In ruling in Ann’s favor, the court applied and interpreted section 187(2)(b) of the Restatement (Second) of Conflict of Laws. This provision, said the court, provides that the “[t]he validity of a marriage will be determined by the local law of the state which, with respect to the particular issue, has the most significant relationship to the spouses and the marriage.” In the court’s view, Ohio had the most significant relationship because Ann and Douglas’s marriage was solemnized there and both lived there as husband and wife. Furthermore, Rita and Douglas lived in Oho from 1985 to 2003 after their Nevada marriage.  The court said that although Douglas worked in Michigan, that state does not have a significant relationship to either of the wives or their marriages.
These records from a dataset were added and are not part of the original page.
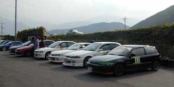 | BOSSが試験後、2時頃に到着しました。徹夜明けで試験に挑み、この時間帯は結構辛かったです。 参加台数は約70台と、今回も多かったんですが、この練習会は相変わらずののんびりモード。バックの風景が「のんびり」を際立たせます。 但し! 下写真の赤い車と青い車の後ろは、工具・シート・スペアタイヤが散乱していました。この二人は結構マジか? ちなみにFFクラスは、参加7台中5台が走破人ご一行で、走破人最速決定戦と化していました。 しかーし! 一本目の結果(ジムカは大体、午前・午後と二本走って良い方の結果とします)を見ると、TOP TIMEは他の車に取られてるじゃないですか。しかも3秒も離されています。 んっ、なになに?インテR(←FF最速と呼ばれてる)が出てる?しかもイジってあるって? んー、トル&アコじゃ勝てんかな? |
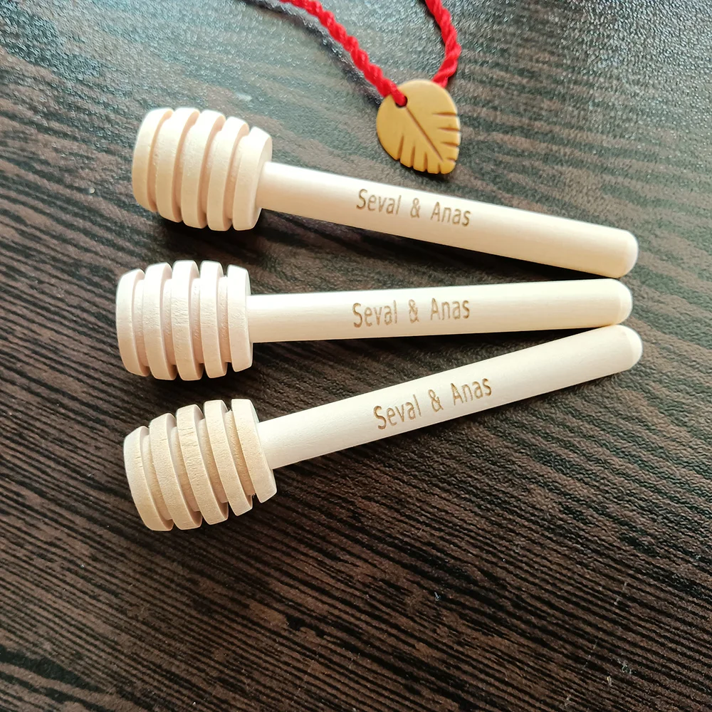Высококачественные персонализированные деревянные палочки для меда, Индивидуальные свадебные сувениры, украшение для детского душа, мини-сервер для медовой банки
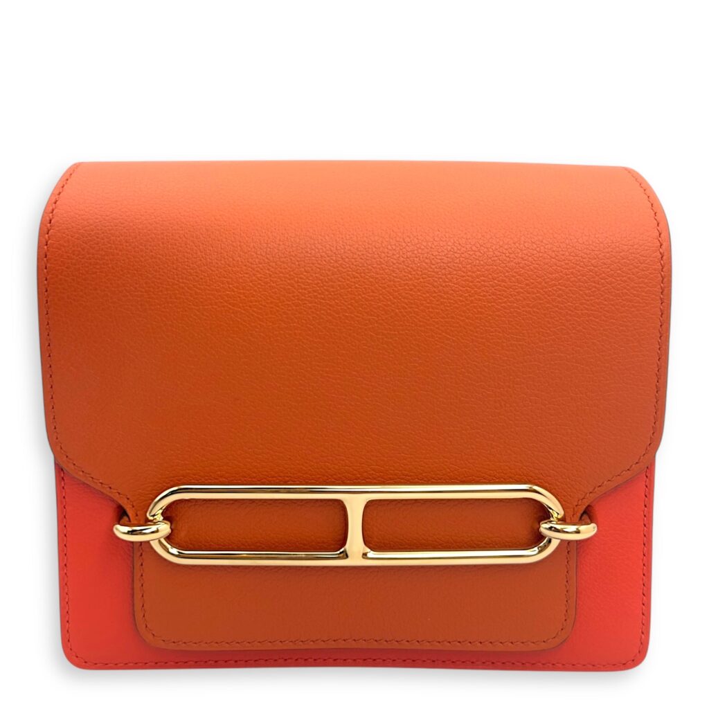 Roulis Bicolore Mini Capucine/Terre Battue in Evercolor, Permabrass hardware

The court also said that Ohio law evidences a policy of protecting individuals like Ann from bearing the burden of proof. Application of Michigan law, which would place the burden on Ann to demonstrate she was not divorced from Douglas, would be contrary to this policy.  Ohio’s presumption in favor of the continuation of the first marriage demonstrates a fundamental policy pf that state and application of Michigan law pursuant to the choice of law provision would be contrary to that fundamental policy. Finally, the court said that Ohio has a material greater interest than Michigan in determining whether Ann or Rita is Douglas's surviving spouse.  The reason for this is that none of the Michigan entities involved in the litigation  has an interest in which claimant prevails. Ohio has a fundamental policy of protecting married persons from the consequences of their spouse entering into a subsequent marriage where it is not clear whether the prior marriage was dissolved. Enforcing the choice of law provision and applying Michigan law would be contrary to this fundamental policy. The court concluded that Ohio a materially greater interest than Michigan in the determination of which woman is entitled to receive the survivor’s benefits. “Consequently, this is one of the rare cases which fits within the exception described in section 187(2)(b).” The Sixth Circuit opinion can be found by clicking here (last visited May 27, 2006, reo).

May 28, 2006 in Divorce (grounds) | Permalink | Comments (0) | TrackBack (0)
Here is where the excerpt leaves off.